**INSTRUCTIONS FOR THE TASK:**
Transcribe the listing below only from the line with "Menagerie Of Wild Fowl With Monkeys" up to and including the line with "在讲解过后,郁教官向参会的园".

**WORKING DATA:**
+++
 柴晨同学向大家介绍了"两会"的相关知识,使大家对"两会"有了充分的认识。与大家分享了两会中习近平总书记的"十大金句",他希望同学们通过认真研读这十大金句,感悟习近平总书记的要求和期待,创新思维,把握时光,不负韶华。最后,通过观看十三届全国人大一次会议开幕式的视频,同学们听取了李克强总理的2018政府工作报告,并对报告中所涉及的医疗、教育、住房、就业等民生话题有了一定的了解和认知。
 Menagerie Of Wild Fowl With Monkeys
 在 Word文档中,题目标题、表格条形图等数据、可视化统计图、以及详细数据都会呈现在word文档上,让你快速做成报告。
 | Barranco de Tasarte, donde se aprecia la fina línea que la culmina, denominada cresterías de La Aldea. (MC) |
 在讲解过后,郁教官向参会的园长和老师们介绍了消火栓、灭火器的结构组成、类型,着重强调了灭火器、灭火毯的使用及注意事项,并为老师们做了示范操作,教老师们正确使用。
+++
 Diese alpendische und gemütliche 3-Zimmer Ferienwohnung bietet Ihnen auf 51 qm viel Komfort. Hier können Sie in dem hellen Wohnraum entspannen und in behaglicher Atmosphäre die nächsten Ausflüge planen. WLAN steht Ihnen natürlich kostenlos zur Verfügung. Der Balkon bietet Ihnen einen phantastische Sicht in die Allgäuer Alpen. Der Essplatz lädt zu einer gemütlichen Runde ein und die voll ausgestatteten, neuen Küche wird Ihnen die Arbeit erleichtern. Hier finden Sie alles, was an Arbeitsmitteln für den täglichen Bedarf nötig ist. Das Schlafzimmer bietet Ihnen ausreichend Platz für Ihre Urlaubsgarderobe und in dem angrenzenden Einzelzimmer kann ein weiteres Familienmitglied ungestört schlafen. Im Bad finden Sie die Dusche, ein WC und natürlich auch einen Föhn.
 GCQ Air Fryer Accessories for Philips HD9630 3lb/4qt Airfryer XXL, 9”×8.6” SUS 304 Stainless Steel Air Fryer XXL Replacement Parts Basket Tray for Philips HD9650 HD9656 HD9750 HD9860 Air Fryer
+++
**ANSWER SECTION:**
 Menagerie Of Wild Fowl With Monkeys
 在 Word文档中,题目标题、表格条形图等数据、可视化统计图、以及详细数据都会呈现在word文档上,让你快速做成报告。
 | Barranco de Tasarte, donde se aprecia la fina línea que la culmina, denominada cresterías de La Aldea. (MC) |
 在讲解过后,郁教官向参会的园长和老师们介绍了消火栓、灭火器的结构组成、类型,着重强调了灭火器、灭火毯的使用及注意事项,并为老师们做了示范操作,教老师们正确使用。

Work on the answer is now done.